# [DATA FOR THE TASK]
───

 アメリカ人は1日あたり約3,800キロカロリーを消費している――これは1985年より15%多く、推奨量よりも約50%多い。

───

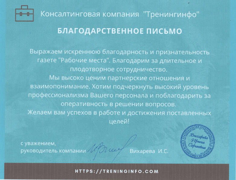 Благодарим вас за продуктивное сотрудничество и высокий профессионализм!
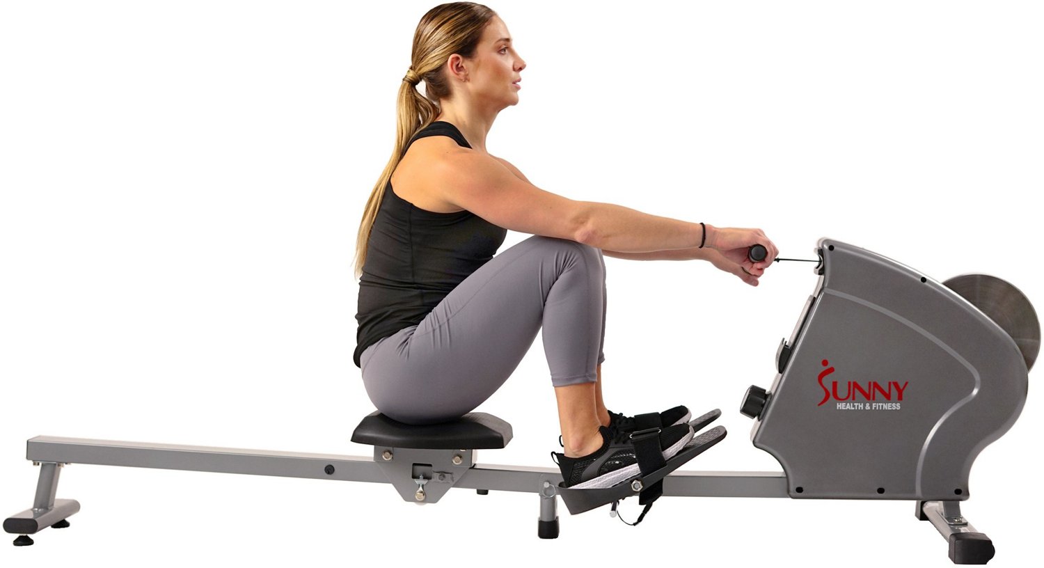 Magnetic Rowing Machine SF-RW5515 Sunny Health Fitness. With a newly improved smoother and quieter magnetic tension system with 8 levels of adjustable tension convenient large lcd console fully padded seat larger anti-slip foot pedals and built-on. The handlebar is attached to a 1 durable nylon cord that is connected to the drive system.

───

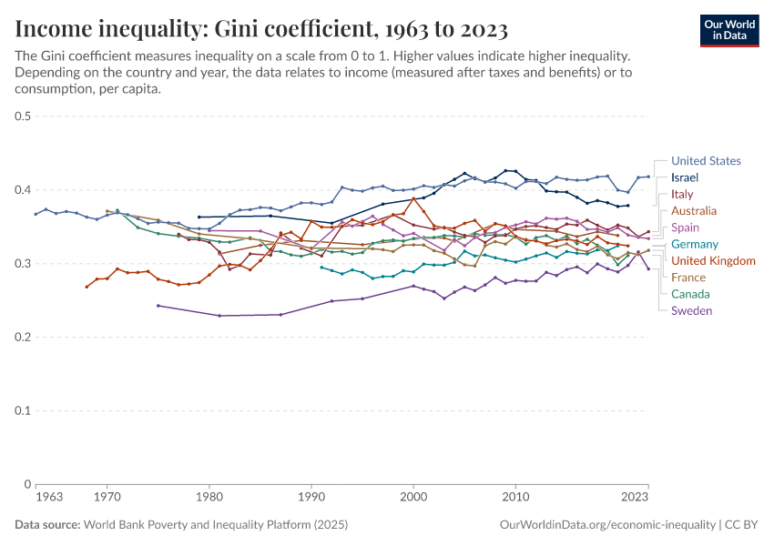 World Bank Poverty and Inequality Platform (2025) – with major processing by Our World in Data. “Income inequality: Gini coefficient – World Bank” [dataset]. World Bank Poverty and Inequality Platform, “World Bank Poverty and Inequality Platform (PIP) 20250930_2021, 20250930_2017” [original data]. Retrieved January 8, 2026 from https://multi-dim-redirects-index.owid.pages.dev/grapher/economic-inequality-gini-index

───

Reproduce the lines above beginning at the line that contains "Благодарим вас за" and ending at the line that contains "Magnetic Rowing Machine". No pictures.

 Благодарим вас за продуктивное сотрудничество и высокий профессионализм!
 Magnetic Rowing Machine SF-RW5515 Sunny Health Fitness. With a newly improved smoother and quieter magnetic tension system with 8 levels of adjustable tension convenient large lcd console fully padded seat larger anti-slip foot pedals and built-on. The handlebar is attached to a 1 durable nylon cord that is connected to the drive system.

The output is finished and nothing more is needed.